Работа была разнообразна, работы теперь было много; мы упоминали далеко не все. Жизнь приобретала относительную устойчивость: комнату Марина Ивановна сняла на два года. Были и преданные люди: друзья Али Нина Гордон, Самуил Гуревич. Не все боялись общаться с Цветаевой: она бывала у Тарасенковых, у Тагеров, у Н. Асеева, у В. Гольцева, у переводчицы Н. Г. Яковлевой; после долгих лет встретилась с В. К. Звягинцевой; виделась с О. А. Мочаловой, Н. Н. Вильмонтом, писала ему (сохранилась лишь одна открытка: от 8 октября, где Марина Ивановна просит встречи, чтобы посоветоваться насчет стихов из "Ремесла", которые она отбирала для книги). Всех не перечесть. Она читала свои вещи, по просьбам и добровольно; чаще встречала ободрение, иногда — непонимание (так, В. Звягинцевой и С. Липкину не понравилась "Попытка комнаты"). "Она была на очень высоком счету в инт<еллигентно>м обществе и среди понимающих входила в моду", — писал Пастернак жене после кончины Марины Цветаевой… Из новых знакомых был молодой поэт А. Тарковский. В тетради сохранился черновик письма, в котором она пишет о его переводе, интересуется: "Что' Вы можете — сами?.. Найдите (полюбите) — слова у Вас будут". Она обращается к молодому поэту — как всегда, когда имеет дело с человеком, заинтересовавшим ее, а может, и больше:
"Скоро я Вас позову в гости — вечерком — послушать стихи (мои) из будущей книги. Поэтому — дайте мне Ваш адрес, чтобы приглашение не блуждало — или не лежало — как это письмо.

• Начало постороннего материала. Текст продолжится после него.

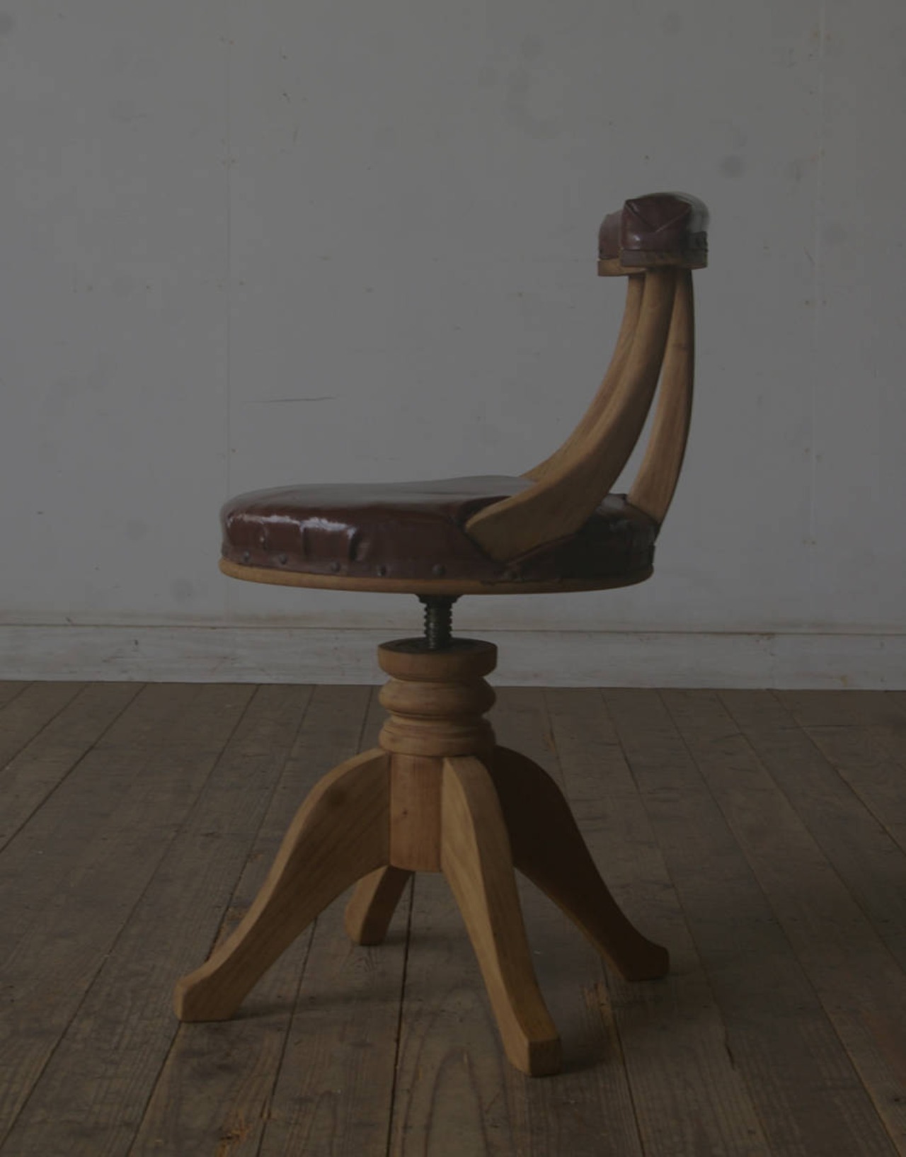 立派な造りでデザインも良く、とても存在感のあるアンティーク回転チェアです。

Я бы очень просила Вас этого моего письмеца никому не показывать, я — человек уединенный, и я пишу — Вам — зачем Вам другие? (руки и глаза) и никому не говорить, что вот, на днях, усл<ышите> мои стихи — скоро у меня будет открытый вечер, тогда — все придут. А сейчас — я Вас зову по-дружески.
Всякая рукопись — беззащитна. Я вся — рукопись.
МЦ".
О вечере Цветаевой нам ничего неизвестно. А ее письма к Тарковскому тоже пропали…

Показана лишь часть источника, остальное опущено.